* Data section:

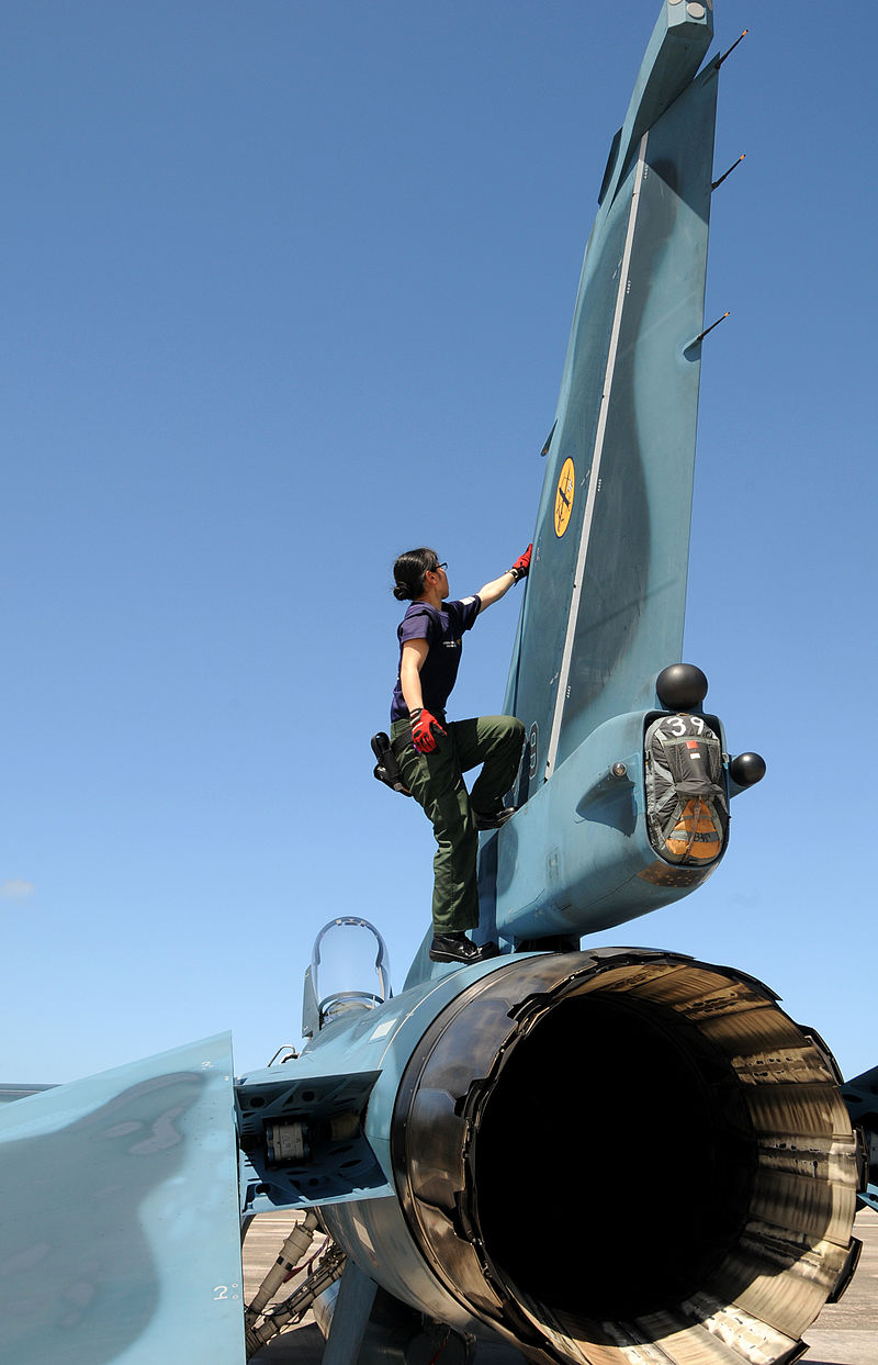 女地勤在检查F-2垂尾,垂尾根部的方舱塞着减速伞
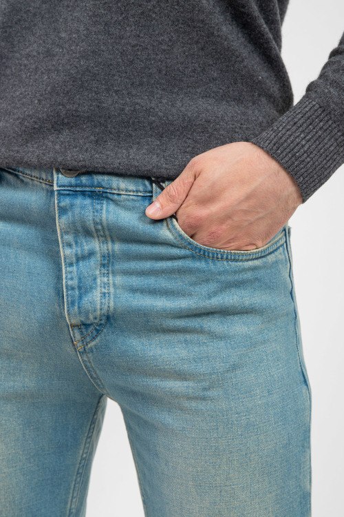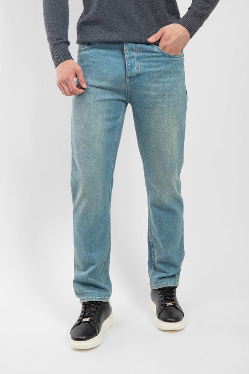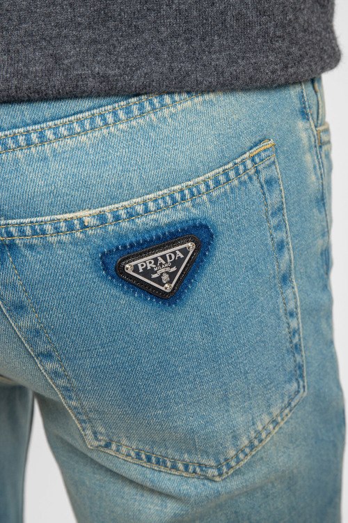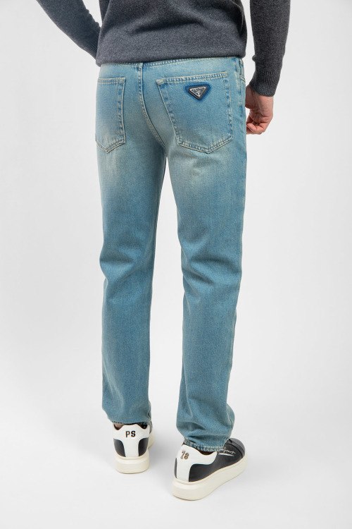 Мужские голубые джинсы Straight из хлопка от Prada (Прада). Классическая длина, застежка на молнию и пуговицу, пять карманов, петли в поясе для ремня, патч-лого.
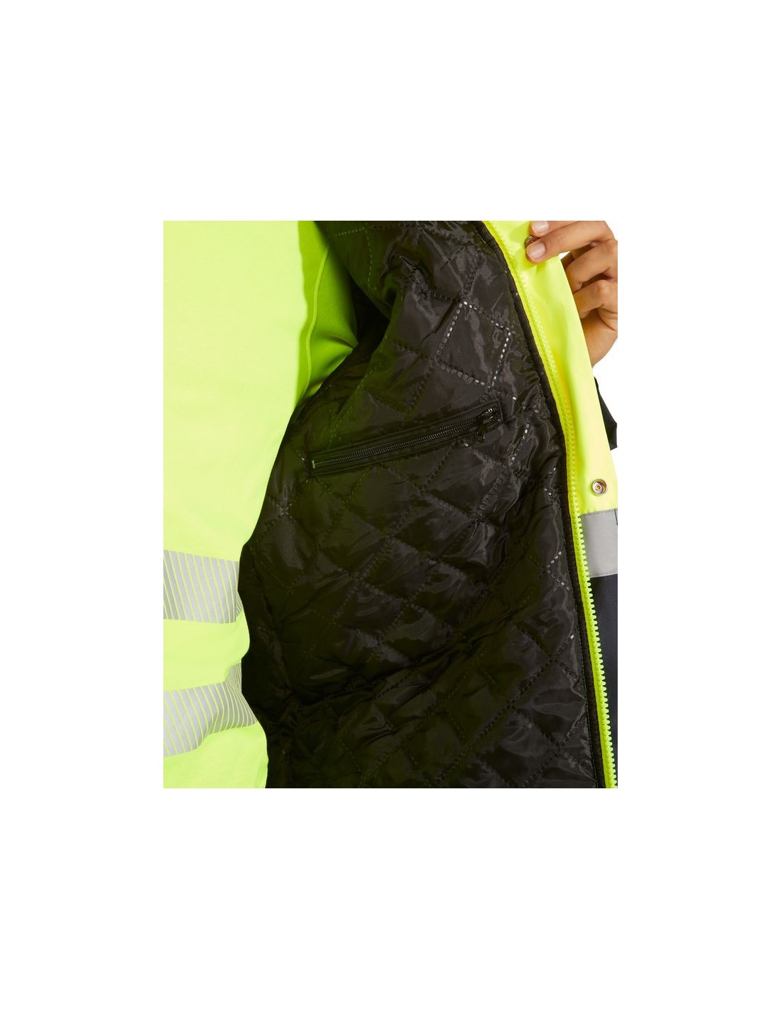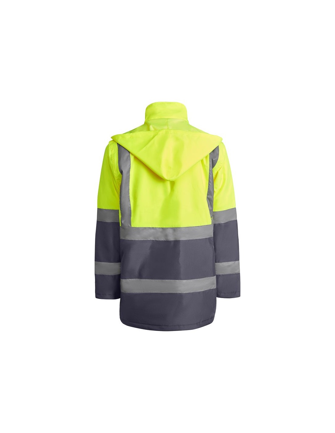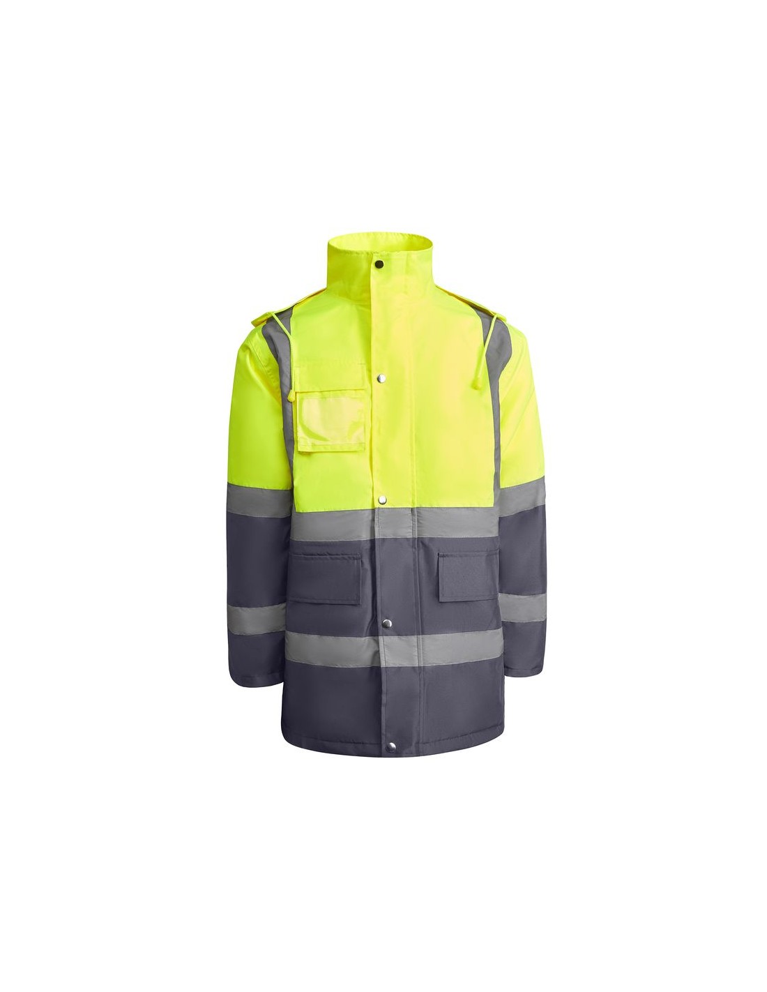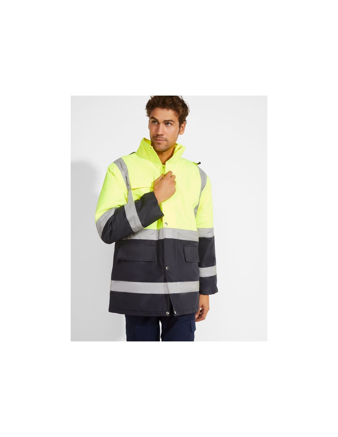 Non dimenticare di salvare la tua personalizzazione per poter riempire il carrelloParka trapuntato combinato ad alta visibilità, cappuccio arrotolabile con coulisse regolabile, due strisce orizzontali riflettenti su busto e maniche e strisce verticali riflettenti sulle spalle, tasca sul petto con patta e chiusura a velcro e porta carte d'identità, due tasche anteriori con patta, tasca interna con cerniera, polsini nascosti sulle maniche in maglia a coste 1X1, abbottonatura centrale con bottoni in metallo per la chiusura e zip centrale a doppio cursore, accesso interno per la stampa serigrafica.
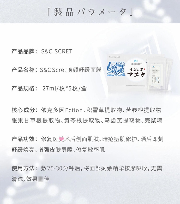 scret细胞修复面膜镇定修护敏感肌术后可用补水保湿5片
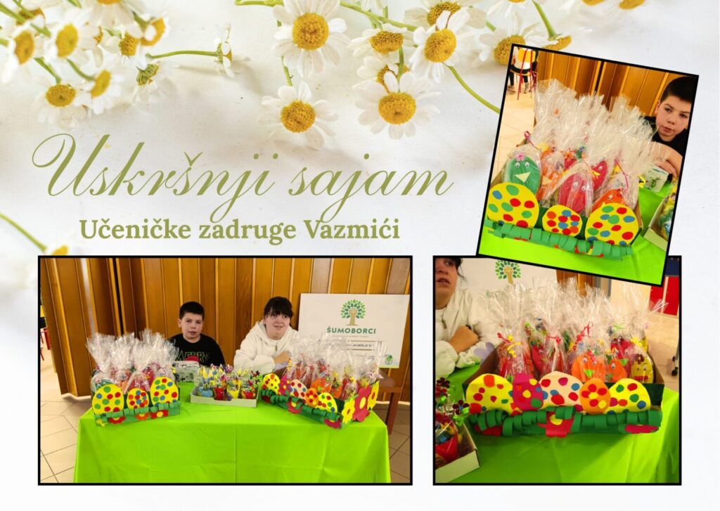 Proljeće nam je polako pokucalo na vrata, a s njim stiže i najšarenije doba godine. Od 23. do 25. ožujka 2026. naša Učenička zadruga Vazmići organizirala je Uskršnji sajam. Marljivi članovi sekcije Kreativni poseban razredni odjel pripremili su proizvode koji će uljepšati naše domove i razveseliti najdraže.
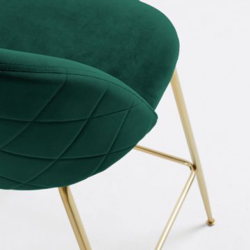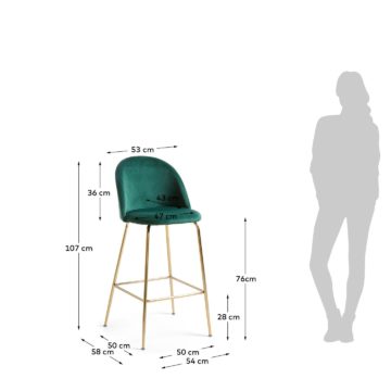 Kovinski barski stol Mystere sestavljata klasično oblikovano jekleno podnožje, oživljeno z zlatim finišem, in udobno oblikovano sedišče, oblečeno v kakovostno žametno tkanino. Stol je izdelan v retro slogu, ki bo s pridihom ekstravgance vizualno popestril številne prostore. Tkanina je dobavljiva v turkizni, modri in zeleni barvi. Dimenzija (višina x širina x globina): 107/53/58 cm Teža: 6,5 kg

* Work instruction: Using the data above, give again exactly the lines starting at the one holding "scret细胞修复面膜镇定修护敏感肌术后可用补水保湿5片" and ending at the one holding "Proljeće nam je", inclusive, and nothing more. Omit the pictures.

* Response area:
 scret细胞修复面膜镇定修护敏感肌术后可用补水保湿5片
 Proljeće nam je polako pokucalo na vrata, a s njim stiže i najšarenije doba godine. Od 23. do 25. ožujka 2026. naša Učenička zadruga Vazmići organizirala je Uskršnji sajam. Marljivi članovi sekcije Kreativni poseban razredni odjel pripremili su proizvode koji će uljepšati naše domove i razveseliti najdraže.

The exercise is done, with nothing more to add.